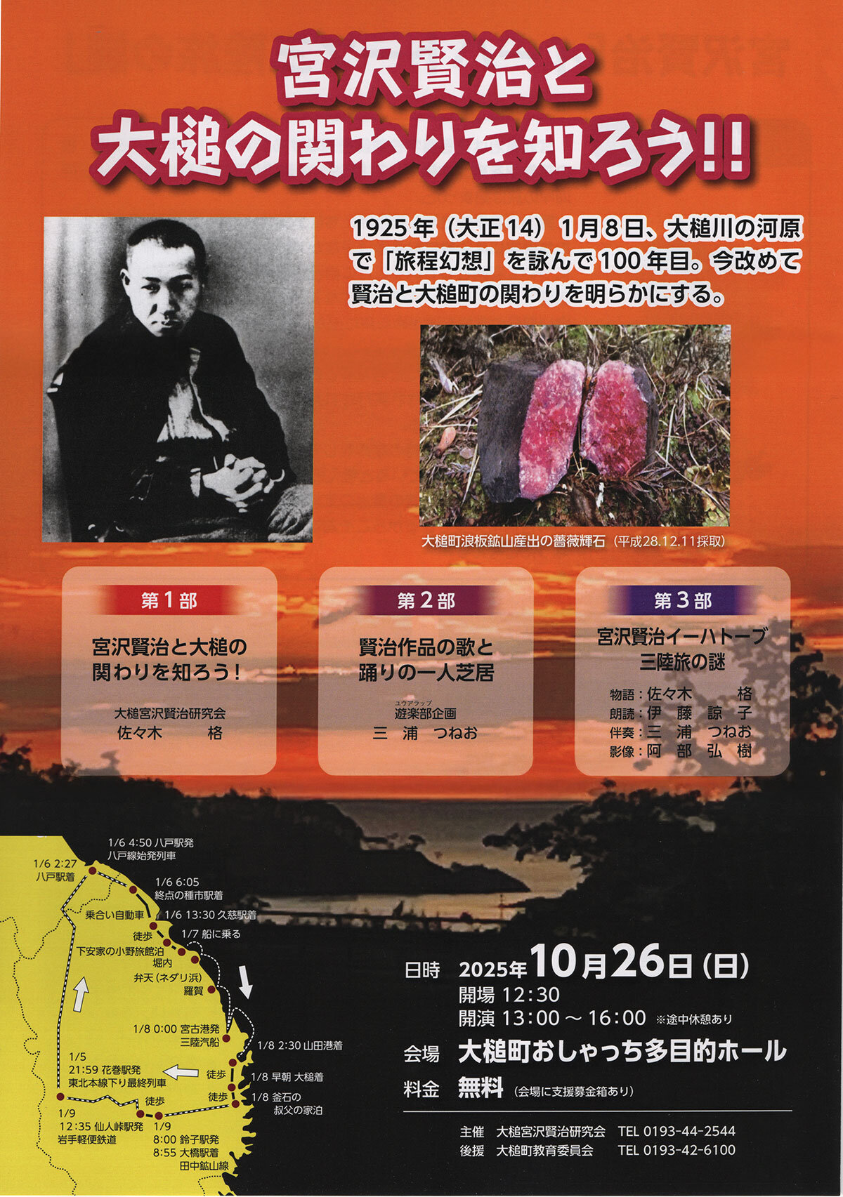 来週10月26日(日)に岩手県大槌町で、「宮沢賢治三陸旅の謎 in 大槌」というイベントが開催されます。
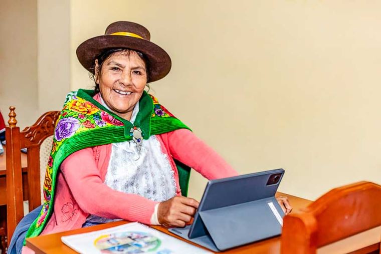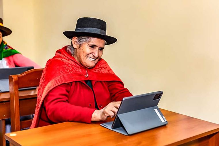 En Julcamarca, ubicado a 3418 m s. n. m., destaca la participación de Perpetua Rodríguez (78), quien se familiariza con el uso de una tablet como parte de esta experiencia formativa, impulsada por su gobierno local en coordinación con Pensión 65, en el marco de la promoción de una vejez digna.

--

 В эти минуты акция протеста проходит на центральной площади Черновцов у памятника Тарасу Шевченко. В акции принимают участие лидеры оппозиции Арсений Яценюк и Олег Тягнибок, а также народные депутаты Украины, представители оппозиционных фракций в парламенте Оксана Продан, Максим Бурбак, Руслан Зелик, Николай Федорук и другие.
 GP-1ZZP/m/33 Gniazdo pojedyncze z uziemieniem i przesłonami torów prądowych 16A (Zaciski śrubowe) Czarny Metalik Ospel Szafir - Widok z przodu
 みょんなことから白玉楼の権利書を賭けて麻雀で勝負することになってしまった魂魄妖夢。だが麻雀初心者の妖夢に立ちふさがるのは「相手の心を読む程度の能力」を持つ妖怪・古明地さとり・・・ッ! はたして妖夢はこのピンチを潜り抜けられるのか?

◆ Prompt
Above are the entries. Quote exactly the lines from the one bearing "GP-1ZZP/m/33 Gniazdo pojedyncze" through the one bearing "みょんなことから白玉楼の権利".

◆ Answer for the task
 GP-1ZZP/m/33 Gniazdo pojedyncze z uziemieniem i przesłonami torów prądowych 16A (Zaciski śrubowe) Czarny Metalik Ospel Szafir - Widok z przodu
 みょんなことから白玉楼の権利書を賭けて麻雀で勝負することになってしまった魂魄妖夢。だが麻雀初心者の妖夢に立ちふさがるのは「相手の心を読む程度の能力」を持つ妖怪・古明地さとり・・・ッ! はたして妖夢はこのピンチを潜り抜けられるのか?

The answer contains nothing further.